The data are coming. Novartis’s Lutathera and Pluvicto, approved in 2018 and 2022, respectively, both use the isotope lutetium-177 to deliver beta radiation — a medium-powered, mid-range stream of electrons that can travel 2–10 mm (several dozen cell diameters), cleaving one or both DNA strands. In Lutathera, the beta radiation is directed at the somatostatin type 2 receptor (SSTR2) found across the surface of slow-growing NETs. The ligand is the somatostatin analog oxodotreotide. In Pluvicto, the targeting moiety is vipivotide, a peptide that inhibits prostate-specific membrane antigen (PSMA), expressed on fast-growing prostate cancer cells.

Both drugs significantly improved overall survival relative to standard of care in phase 3 trials in patients with advanced disease. More recently, in the NETTER-2 trial2,3, Lutathera reduced the risk of death or progression by 72% when used as a first line with octreotide (a somatostatin analog) for newly diagnosed GEP-NET. Pluvicto produced more than a doubling of radiographic progression-free survival in the pre-chemotherapy setting; Novartis expects to file for an additional approval for Pluvicto in early-line disease during 2024. Peak sales are forecast at over $2 billion annually.

Novartis now wants to expand these drugs — and a wider radiopharmaceuticals pipeline — across even more tumors and disease stages. It is not alone (Table 2). Venture financing in radiopharmaceuticals more than quintupled in the five years ending 2023, according to data and analytics firm GlobalData.

Many next-generation radiopharmaceuticals harness alpha radiation: powerful, short-range helium nuclei that rip through both strands of in-range DNA4, causing mostly irreparable damage and leaving no room for resistance. Yet, as they penetrate only one or two cell diameters, they leave nearby healthy cells unharmed. Alpha rays will “will blow almost anything apart,” according to Jason Lewis, professor and Emily Tow chair at Memorial Sloan Kettering Cancer Center (MSKCC) in New York, who has consulted for or is on scientific advisory boards at several radiopharmaceuticals companies. Patients who develop ‘radio-resistance’ to beta-emitting Lutathera or Pluvicto as cancer cells’ rapid genomic alterations outmaneuver the toxic rays may benefit from an alpha emitter.

Alpha emitters with the same targets as Lutathera and Pluvicto are among the most advanced pipeline radiopharmaceuticals, positioned as next-line therapies for patients showing signs of disease after treatment with beta radiation. RayzeBio’s (now Bristol Myers Squibb’s) RYZ101 delivers alpha-emitting actinium-225 (Act-225) to SSTR2 receptors; it’s in phase 3 for GEP-NET that no longer responds to Lutathera. Fusion’s (now AstraZeneca’s) lead candidate, acquired in February 2023 from RadioMedix, uses Act-225 to target PSMA. Act-225 also features in clinical programs at Bayer, Convergent Therapeutics and Actinium Pharmaceuticals. Novartis’s Mariana Oncology acquisition brings a preclinical Act-225 lead in small cell lung cancer.

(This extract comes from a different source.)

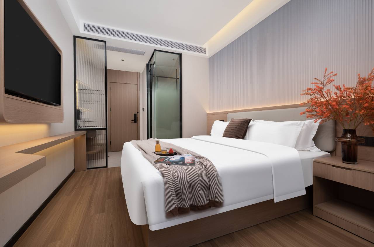 万象城店独特魅力踏入戴丁连锁酒店万象城店,前沿智能科技打造的便捷舒适体验扑面而来。房间门锁智能刷卡感应开门,灯光、窗帘与空调皆能通过智能系统随心调控,让每一位宾客仿若置身未来世界。客房内,高清投影设备带来震撼视觉盛宴。超大屏幕搭配优质音效,无论是观赏热门电影,还是进行商务演示,都能沉浸其中。躺在柔软的床上,就如同拥有私人影院。酒店引以为傲的 24 小时管家服务,随时响应宾客需求。无论是清晨急需提供帮助,还是深夜需要帮忙预订出租车,贴心管家都能迅速安排妥当,提供无微不至的关怀。酒店地理位置很好,雄踞万象城核心地带,周边潮流购物、特色美食一应俱全。无缝对接地铁站,轻松畅达城市各个角落。闲暇之余,邻近的公园是散步休闲的好去处,清新空气与自然美景令人心旷神怡。而附近的医院,更为宾客的健康提供坚实保障。选择戴丁连锁酒店万象城店,就是选择一场集智能、舒适、便捷于一体的难忘之旅 。

Another alpha advantage relates to its ability to harness the immune system — critical for a durable anti-cancer effect. Hitting tumor cells with any kind of ionizing radiation generates neoantigens5, potentially sensitizing tumors to immunotherapy. Alpha’s short-range, high-energy punch makes it a more effective cancer cell killer — and thus a better neoantigen generator — than the lower-energy beta-radiation.

Another potential advantage of alpha radiation is convenience: patients receiving Lutathera or Pluvicto must stay away from pregnant women and children for at least a week after therapy6, as Lu-177 has a week-long half-life and emits beta and gamma radiation, both of which travel further than alpha particles. Reduced isolation requirements are a “big plus” for alpha emitters, notes Dominik Rüttinger, head of research and early development, oncology at Bayer, which has since 2013 been selling alpha-emitting Xofigo (radium-223 dichloride) for prostate-cancer-linked bone metastases. (Xofigo has no separate ligand: radium, like calcium, finds its way naturally to fast-growing bone cells, just as beta-emitting iodine-131 naturally accumulates in the thyroid; the latter has been used to treat thyroid cancer since the 1940s.)

Almost two dozen clinical trials of alpha-emitting radiopharmaceuticals are underway7, though no targeted alpha therapy using Act-225 or Pb-212 has yet been approved.

Despite the “huge amount of enthusiasm” for alpha-emitters, “there is not much human data,” cautions MSKCC’s Lewis. A phase 1 dose-finding trial of Johnson & Johnson’s Act-225-based prostate cancer candidate, presented at the American Society of Clinical Oncology conference in early June, revealed 4 patient deaths due to treatment-related adverse events among 57 patients who received the drug, alongside “profound and durable” responses among heavily pretreated patients. For Act-225 in particular, “the jury is still out on long-term safety,” says Gericke at isotope-agnostic Ariceum.